Tei index and systolic indices (LVEF, regional wall motion abnormality score, tricuspid annular plane systolic excursion and peak systolic velocity of mitral and tricuspid annulus) did not change significantly.
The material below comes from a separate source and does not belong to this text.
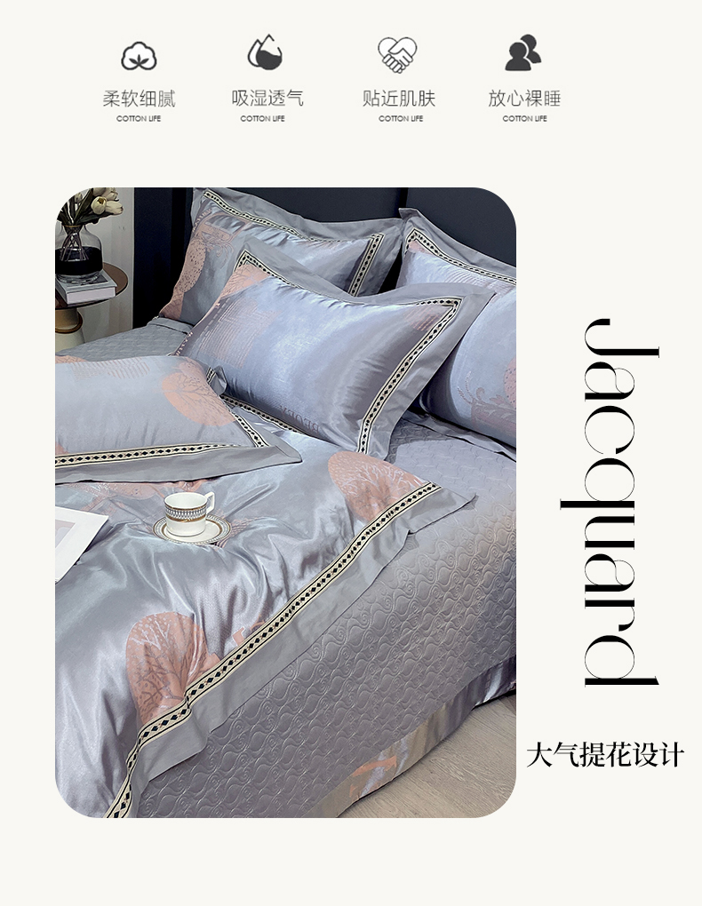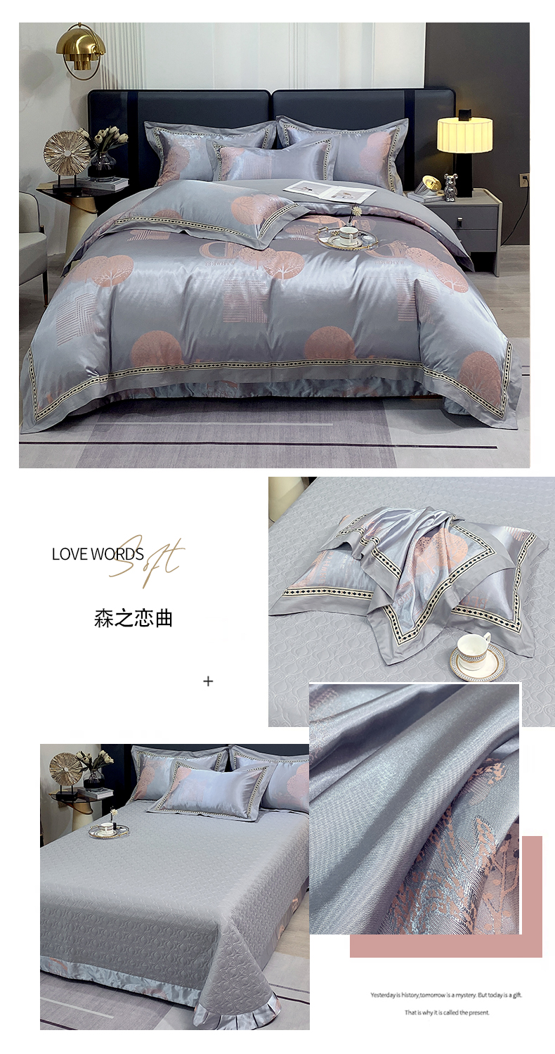 商品名称:小时代家纺 2023新款纯棉贡缎提花夹棉床盖四件套 森之恋曲

Among the diastolic indices, only velocity propagation (Vp) improved significantly (from 42.9 ± 10.8 to 51.8 ± 10.7, p-value = 0.008) following PCI. Diastolic velocities, E/A ratio, deceleration time (DT), early and late diastolic velocities of mitral annulus in TDI, pulmonary vein systolic (PVs) and diastolic flow velocity (PVd) did not show significant improvement.

CONCLUSION

Propagation velocity of mitral inflow was the earliest index to recover following successful PCI in patients with stable CAD.

摘要

目的

本研究旨在评估成功的择期经皮冠状动脉介入治疗(PCI)对收缩和舒张功能的早期影响。

方法

我们连续研究了21例稳定型冠状动脉疾病(CAD)且左心室射血分数(LVEF)>40%的患者在成功的择期PCI术前及术后48小时的收缩和舒张功能。

结果

Tei指数和收缩指标(LVEF、室壁运动异常评分、三尖瓣环平面收缩期位移以及二尖瓣和三尖瓣环的收缩期峰值速度)无显著变化。在舒张指标中,PCI术后仅速度传播(Vp)显著改善(从42.9±10.8增至51.8±10.7,p值=0.008)。舒张速度、E/A比值、减速时间(DT)、组织多普勒成像中二尖瓣环的舒张早期和晚期速度、肺静脉收缩期(PVs)和舒张期流速(PVd)均未显示出显著改善。

结论

在稳定型CAD患者中,成功的PCI术后二尖瓣血流传播速度是最早恢复的指标。